> **Records from a data collection**:

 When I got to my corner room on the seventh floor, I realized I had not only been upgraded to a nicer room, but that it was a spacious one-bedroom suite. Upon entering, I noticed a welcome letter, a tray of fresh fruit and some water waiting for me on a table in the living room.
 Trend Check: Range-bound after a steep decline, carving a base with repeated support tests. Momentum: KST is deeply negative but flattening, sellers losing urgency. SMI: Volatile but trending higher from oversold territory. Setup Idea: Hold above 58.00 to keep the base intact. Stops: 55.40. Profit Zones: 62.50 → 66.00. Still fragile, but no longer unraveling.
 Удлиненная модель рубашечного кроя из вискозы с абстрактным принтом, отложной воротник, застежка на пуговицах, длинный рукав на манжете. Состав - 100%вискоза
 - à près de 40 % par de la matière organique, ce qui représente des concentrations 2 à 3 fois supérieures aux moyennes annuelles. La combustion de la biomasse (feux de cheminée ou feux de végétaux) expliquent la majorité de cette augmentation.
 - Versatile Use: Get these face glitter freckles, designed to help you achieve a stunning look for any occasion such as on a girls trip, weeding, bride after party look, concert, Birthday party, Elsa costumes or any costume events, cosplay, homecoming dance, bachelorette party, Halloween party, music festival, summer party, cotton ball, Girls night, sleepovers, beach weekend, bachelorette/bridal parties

> **Goal of the exercise**:
Copy out all the entries exactly once more.

> **Solution to the exercise**:
 When I got to my corner room on the seventh floor, I realized I had not only been upgraded to a nicer room, but that it was a spacious one-bedroom suite. Upon entering, I noticed a welcome letter, a tray of fresh fruit and some water waiting for me on a table in the living room.
 Trend Check: Range-bound after a steep decline, carving a base with repeated support tests. Momentum: KST is deeply negative but flattening, sellers losing urgency. SMI: Volatile but trending higher from oversold territory. Setup Idea: Hold above 58.00 to keep the base intact. Stops: 55.40. Profit Zones: 62.50 → 66.00. Still fragile, but no longer unraveling.
 Удлиненная модель рубашечного кроя из вискозы с абстрактным принтом, отложной воротник, застежка на пуговицах, длинный рукав на манжете. Состав - 100%вискоза
 - à près de 40 % par de la matière organique, ce qui représente des concentrations 2 à 3 fois supérieures aux moyennes annuelles. La combustion de la biomasse (feux de cheminée ou feux de végétaux) expliquent la majorité de cette augmentation.
 - Versatile Use: Get these face glitter freckles, designed to help you achieve a stunning look for any occasion such as on a girls trip, weeding, bride after party look, concert, Birthday party, Elsa costumes or any costume events, cosplay, homecoming dance, bachelorette party, Halloween party, music festival, summer party, cotton ball, Girls night, sleepovers, beach weekend, bachelorette/bridal parties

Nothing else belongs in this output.